The old Moodle help documentation stored as site pages on Moodle have been retired. New documentation is available on the IT website, in the main site menu on the left under Moodle. You can also find it here: http://wp.stolaf.edu/it/moodle-documentation/. There is a new Moodle Documentation block, just below Moodle Help on the right.
Welcome to Moodle 2.8!
Moodle this year has been updated and looks different! This year the 2015-16 Moodle server is running Moodle 2.8.6+ which features numerous enhancements, and a new theme! Moodle is now fully responsive. It will look just as good on your mobile device as it does on your desktop. While the look is different, most of the functionality is the same. We're working to transition our documentation to the new theme and from older Moodle servers over the summer. In the meantime, if you think you're going to need a metacourse, or have other questions, email the Moodle Team at email@example.com. Have a great summer!
Moodle Information for Students
Welcome back to campus! Please note that you may not have any courses listed under "My home" or "My courses" yet. This semester, all the course sites are unavailable to students by default, so you will only see them when your professors finish their updates and make the sites visible. If you want to check your course registration, please log in to the Student Information System (SIS).
Migrating Courses to the 2015-16 Server
If you have courses on the previous Moodle servers, you can view them via the links below. Please keep in mind that IT retains Moodle servers for 4 years, and that the URL moodle.stolaf.edu always points to the current-year Moodle server.
To migrate content from an old Moodle course site to a new one, you will first create a backup of the old site and download it to your computer. Then, you will navigate to your new course site on the 2015-16 server, upload the backup, and restore it into your course site.
Moodle is used for course sites at St. Olaf as well as for community sites for departments, committees, and other organizations.Here's how to set up your course and adjust the basic settings for your site:
Moodle sites are built by creating an introductory section at the top, followed by a number of weekly or topical course sections in the center of the site. In the left and right sidebars, there are standard Moodle blocks that you can choose to keep or delete, as well as Moodle blocks that you can create yourself to add navigation and links to your department and other online resources.
Once you have decided on the basic structure of the site, it is easy to add content by just dragging and dropping files from your desktop to the center section of Moodle.
Adding activities to your course will engage your students and give them more opportunities to apply the course material and to interact with other students and with the professor. The most common activities are forums, assignments, chats, and choice.

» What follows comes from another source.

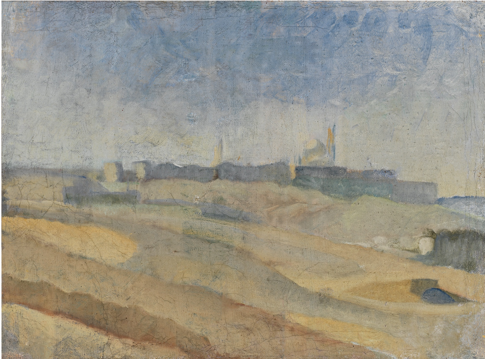
Figure 5.4 Ivan Aguéli, Staden bland kullarna (The City in the Hills), c. 1895. Tempera on canvas, 22.5 x 30.5 cm.

Quizzes are one of the most useful types of activities because they are for the most part self-correcting, providing the students with immediate feedback on their attempts. Some professors use quizzes for homework practice, while others give online quizzes that replace standard written exams.
One of the most important factors in improving student learning is providing students with timely feedback. The Moodle gradebook is one way of giving the students this sort of regular feedback on their work. Because the gradebook is online and accessible at any time, students can view their grades and faculty comments as soon as the teacher has evaluated an assignment. As a result, students have time to change their strategy in a course if they discover that they aren't doing as well as they would like. They can come to office hours, go to help sessions, or get a tutor if they need more assistance with learning course material.
The most common type of gradebook setup in Moodle is one that is weighted by categories. The overall aggregation for the gradebook is set at "weighted means of grades," and within each category, it is set at "simple weighted means of grades."